Wednesday, October 18, 2017
A Paige From Sinbad
By Joy Childs
Published December 10, 2010

By Joy Childs
Sentinel Contributing writer

If you’re Black and over, say, 49, then one of your favorite comics has to be Sinbad.  And if you are a fan, you probably don’t need to ask, “Sinbad, where u been,” because you know that that happens to be the title of one of his latest projects, a 90-minute Comedy Central special that was broadcast earlier this year.  (Available on DVD.  Hmmmm . . . the perfect stocking stuffer). Filmed at downtown’s Club Nokia Theatre, it represents his first stand-up special in 13 years.  You probably also know about his “Celebrity Apprentice” stint. 

But what you may not have known is that since that over the last 26 years, he’s been married to Meredith for 8 years; divorced for 10; and then remarried to her for the last 8; and that he’s continued to do stand-up on the road, including this past weekend at The Canyon Club in Agoura Hills.

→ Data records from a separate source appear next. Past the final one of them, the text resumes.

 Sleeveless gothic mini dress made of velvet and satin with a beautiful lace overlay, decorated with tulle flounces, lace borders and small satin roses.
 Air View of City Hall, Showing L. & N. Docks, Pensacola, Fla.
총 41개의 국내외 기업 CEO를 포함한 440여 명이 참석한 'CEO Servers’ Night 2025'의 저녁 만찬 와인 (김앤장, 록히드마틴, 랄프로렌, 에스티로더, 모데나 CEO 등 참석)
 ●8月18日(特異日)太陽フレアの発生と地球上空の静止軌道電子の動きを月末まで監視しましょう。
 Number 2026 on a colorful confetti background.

Perhaps most importantly, though, he’s been supporting his daughter’s budding singing career. In fact, at The Canyon, Paige Bryan, strikingly gorgeous and statuesque, opened for dear old dad. Performing tunes from her November-released “IMPERFECT ME,” which Sinbad “Funkmaster” produced, she tells the sold-out crowd that it took her over 4 years—and a breakup—to complete.  Her lyrics and song titles bear this out:  She and her producer, Chaka Blackmon, co-wrote all the songs, which she deems “very personal.” “Sick ‘N Tired,” a tight funk groove, “Yesterday’s News” and the title track surely acted as catharsis for her youthful angst.

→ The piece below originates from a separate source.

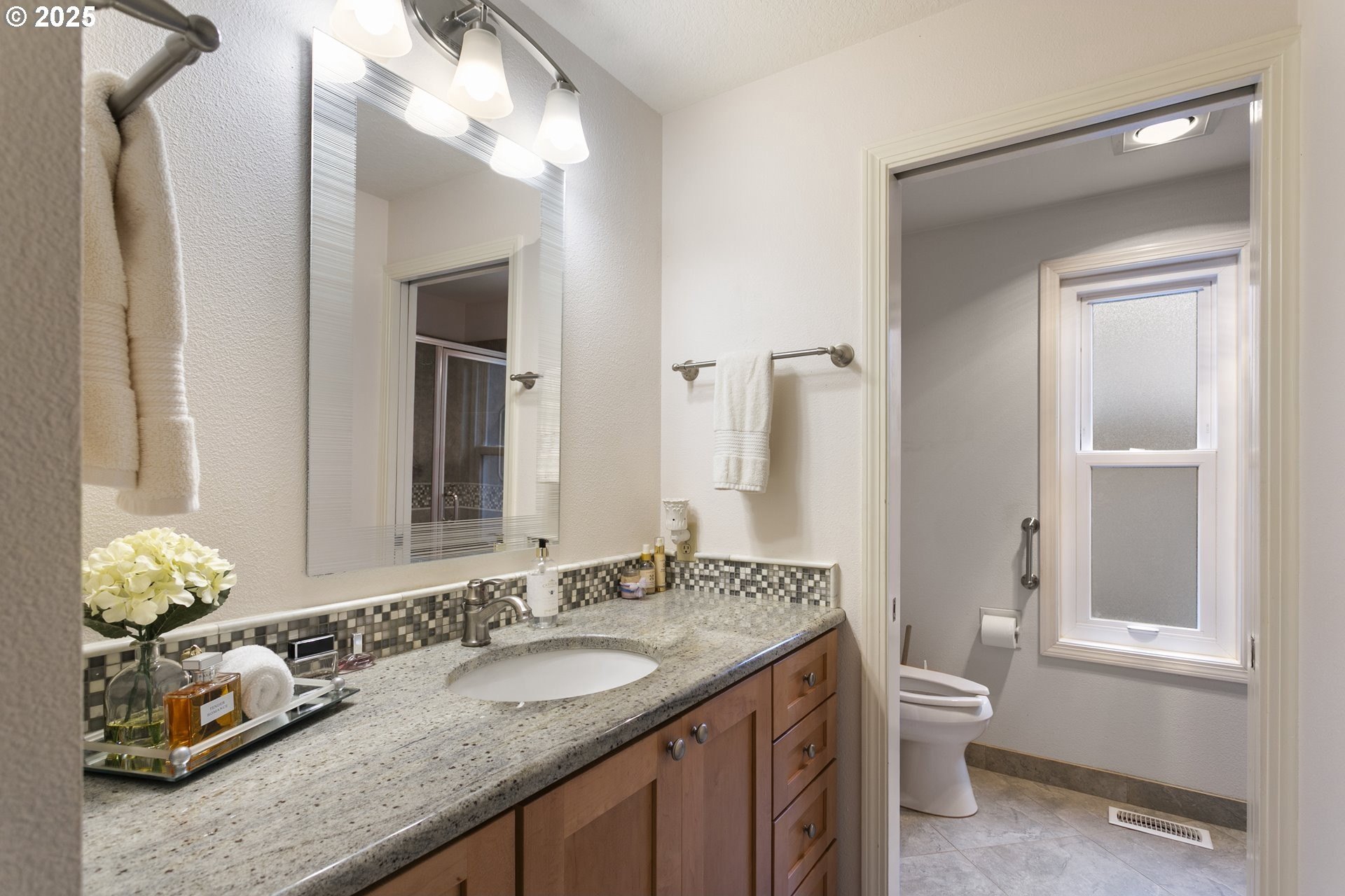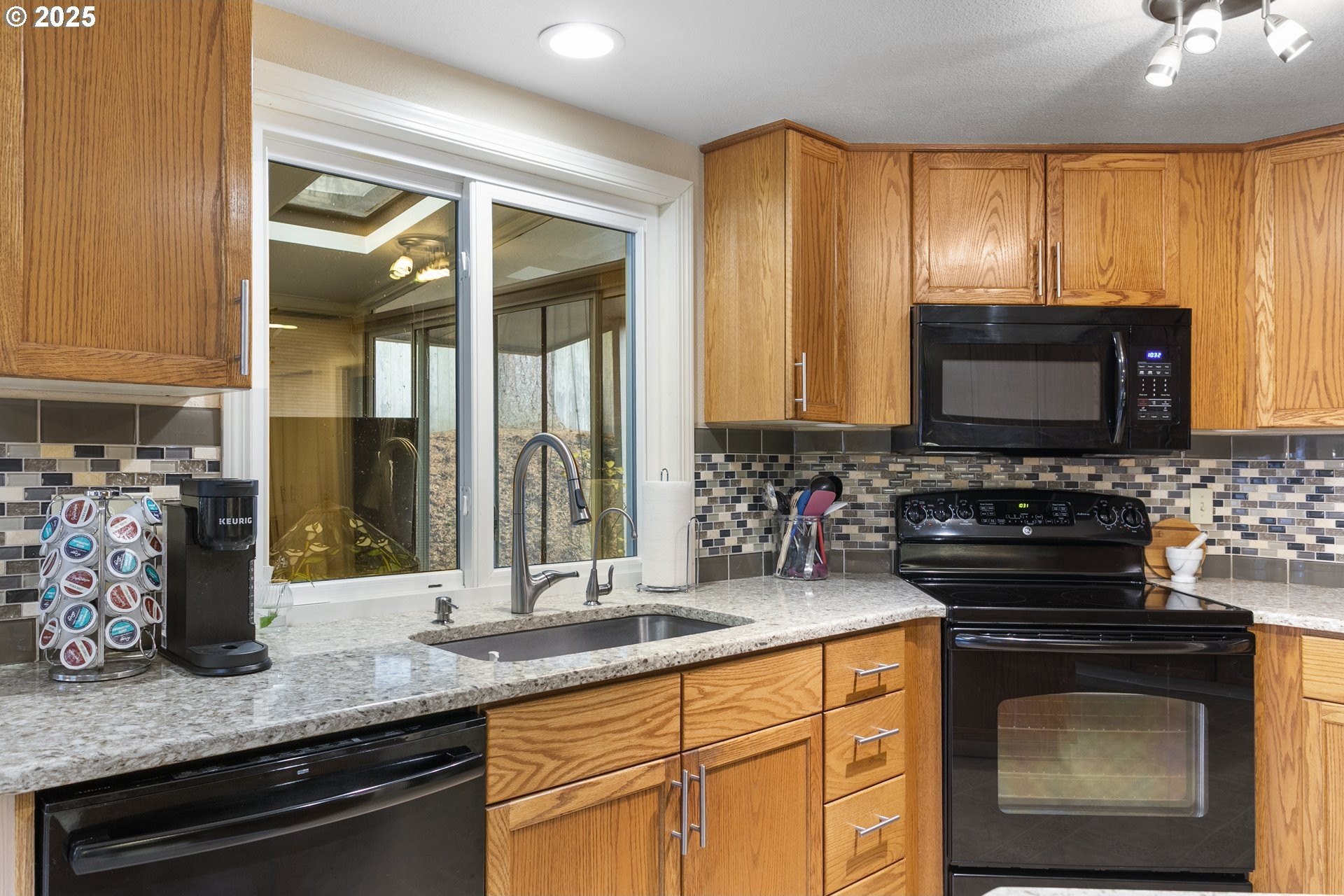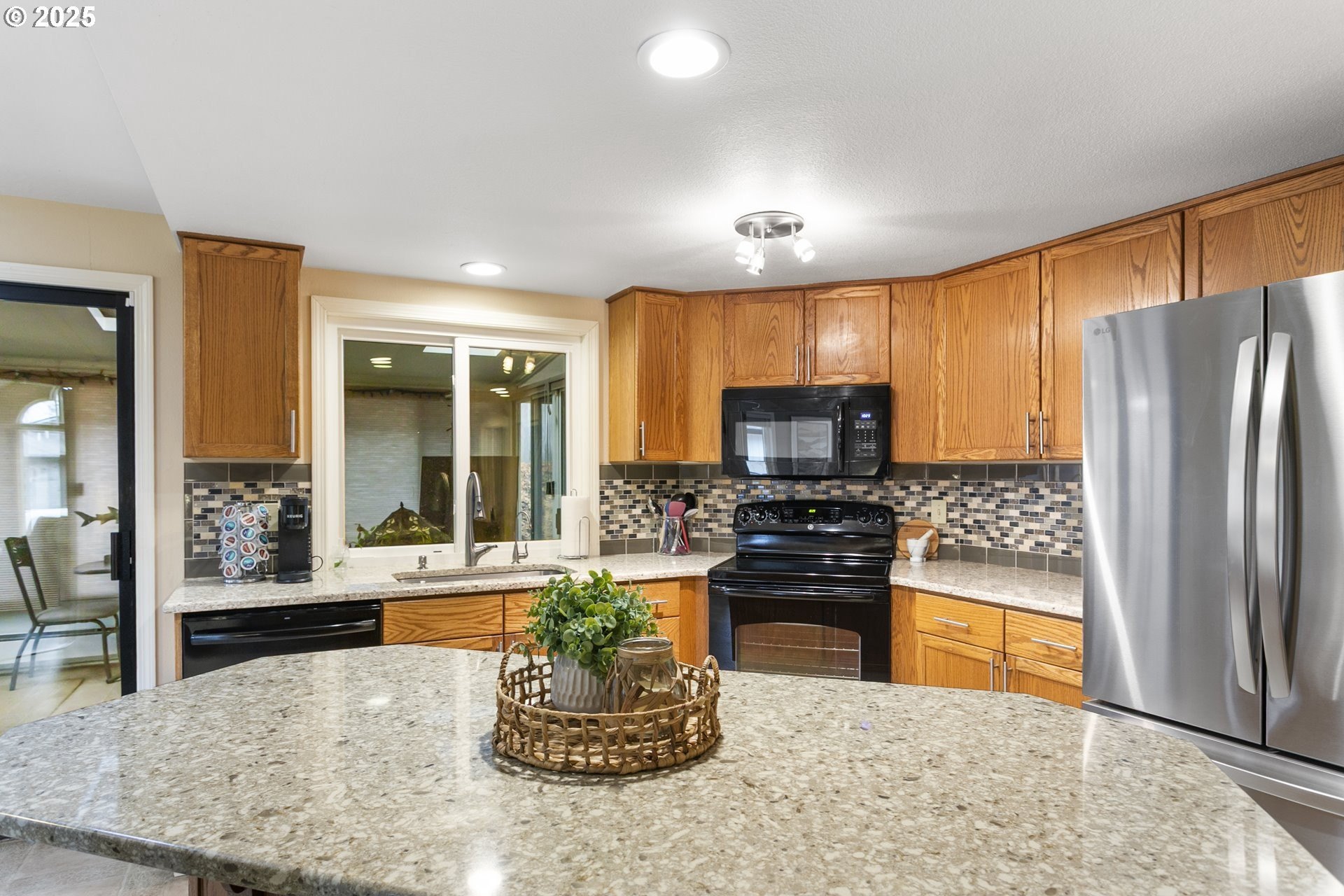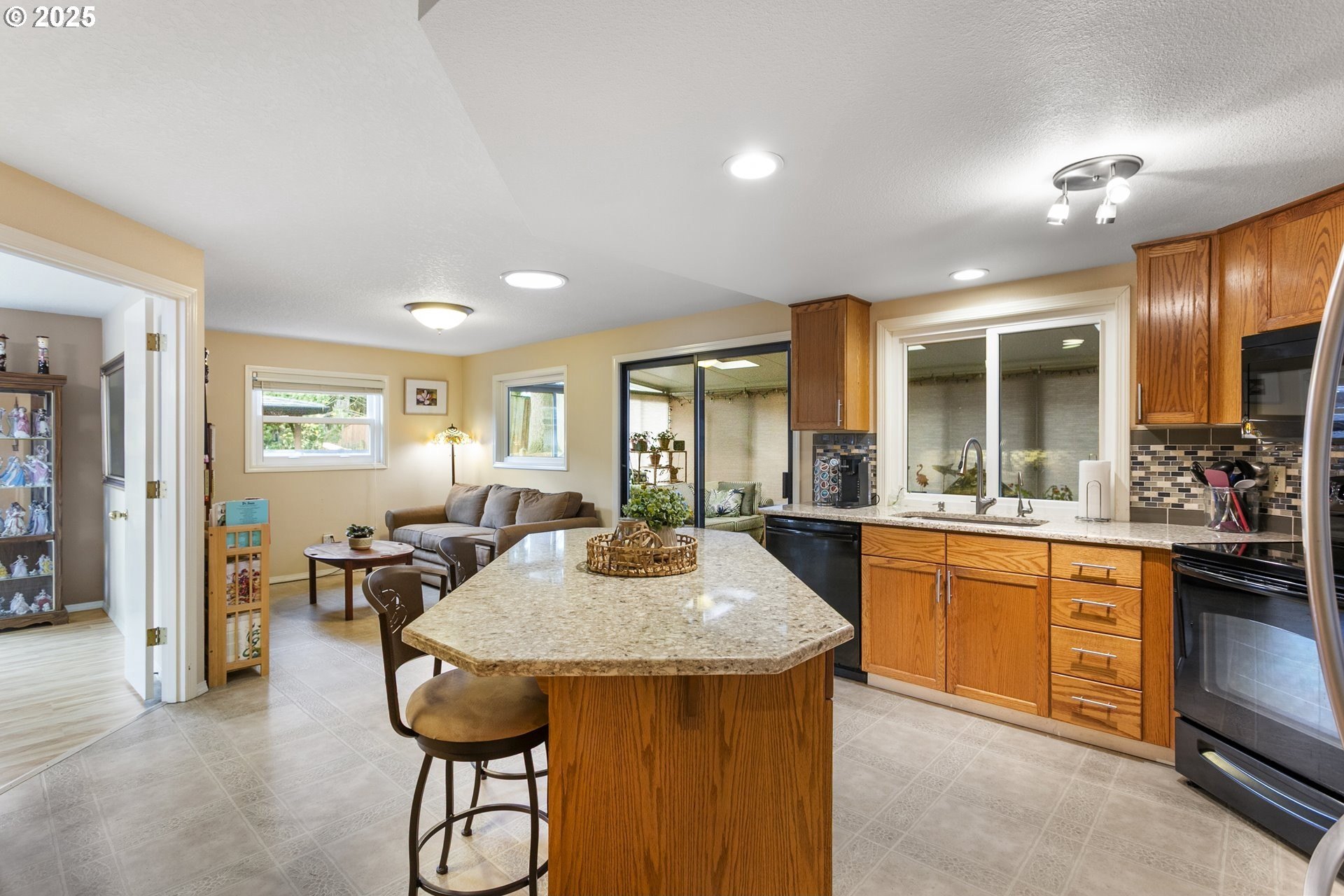 Looking for a low-maintentance, move-in ready home in the desirable Fairway Village 55+ golf course community? This enlarged, sunny, sought-after Salishan floor plan boasts a formal living room and dining room PLUS a family room off of the remodeled kitchen. Beyond the family room and kitchen is an attached sunroom with natual skylights! (Perfect for growing your herbs year-round, enjoying outdoor living without flying pests to bug you!) Space for puzzles, craft projects, exercise equip, daybed for reading, or use for an extra guest!). The inviting entry area has a very large coat closet. Lovely living room with vaulted ceilings, Palladian windows and cozy gas masonry fireplace! Plenty of space in the formal dining room for all your dinner guests. You'll be pleasantly surprised by the extra-large open gourmet kitchen with granite countertops and backsplash, large island eating bar, newer appliances, undercabinet lighting, pantry area, and office desk for your computer recipes! Adjoining cozy family room will keep it fun! The primary suite has a walk-in closet, and extra-large updated walk-in shower with nice glass doors. The guest bath has granite countertops and a tub/shower with glass sliding doors. Extra bonus is a built-in hand-crafted butlers pantry or wine collection area with pull out drawers, upper cabinets and countertop! Enjoy! Oh, and there's an easy care low maintenance, very private fenced backyard and comes with a garden tool shed! (In 2013: NEW roof & gutters, windows, furnace, hot water heater, solar tubes, lighting fixtures, tiled master walk in shower.). Fairway Village is a 55+ planned community with a clubhouse, scheduled activities, exercise, sauna, swimming pool, billiards, ping-pong, arts and crafts studio, ballroom, Library, meeting/event rooms, and more!

Her set is a mix of hip-hop and ballads, with a stellar finale of Marvin Gaye’s sex cry “I Want You,” which, in Bryan’s angelic voice, is a slower groove, equal parts soul and jazz.  Her stage persona is sexy and playful and, like dad’s, punctuated by a little comedy; no doubt, compliments of Sinbad, who, she says, was “[her] biggest influence.  [I have] a lot of his humor . . . his sarcasm!”

Bryan’s solo CD (another great stuffer) is not, however, her first foray into singing.  She was a member of a touring gospel group, Press Play, which was founded by The Dream Center, a nonprofit outreach organization near downtown L.A. dedicated to helping inner-residents. Proceeds from their outings went to that organization.

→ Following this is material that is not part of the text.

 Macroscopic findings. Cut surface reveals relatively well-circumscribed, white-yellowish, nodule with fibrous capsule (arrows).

Raised in Calabasas with her mother Meredith, her younger brother Royce and Sinbad, her father had won the “Star Search” competition two years before she was born.  She grew up deeply steeped in the business, with dad’s stand-up career, his soul music festivals and movies now looming large in her musical career.  Keeping it in the family like her dad (his brother and sister variously managed him), she has her mother to manage and guide her).
About being raised by this particular man, she laughs as she recalls the family joke that if he hadn’t been a comedian, Sinbad would have been a Black Panther!

Thankfully, Sinbad, looking much younger (and leaner) than his 54 years and sporting a close-cropped hair style (no longer carrot top in color), remains one of the funniest, silliest, cleanest, most quick-witted comics—of any race—the kind you’d want as your tall, big brother.  Despite the fact that audience is predominantly White, everybody’s cracking up—some Whites harder and louder than the Blacks.

But that’s perfectly understandable:  Sinbad’s material, which addresses President Obama, marriage and traffic, is, after all, baby-boomer focused; not (seriously) down-putting; somewhere between PG13 and R-rated (“Drivers give you the finger . . . like they can fight. . .!”); race-less (for the most part); and, therefore, easily digestible by all.

When asked an audience member what his next ventures are, he first explains that reality television’s kinda killed the kinds of comedy shows [that he used to be on], then adds, “. . . and Denzel keeps getting my parts!”  And in a funny schtick with the women in the crowd, of whom he inquires, ‘What do you really want,’ for every complaint women in the audience voice,’ he’s quickly able to turn the reply     on its head so that it ends up being a pro-male rejoinder.  Replying to a woman’s complaint that her husband drops his dirty clothes drawers anywhere and everywhere in their house, Sinbad’s solution:  “Put the hamper between the couch and the front door”—i.e., the two spots he can most easily deposit his dirty laundry.  His remedy for men who won’t put their dirty dishes in the dishwasher or wash their own dishes:  ‘That’s your fault:  Use paper plates.”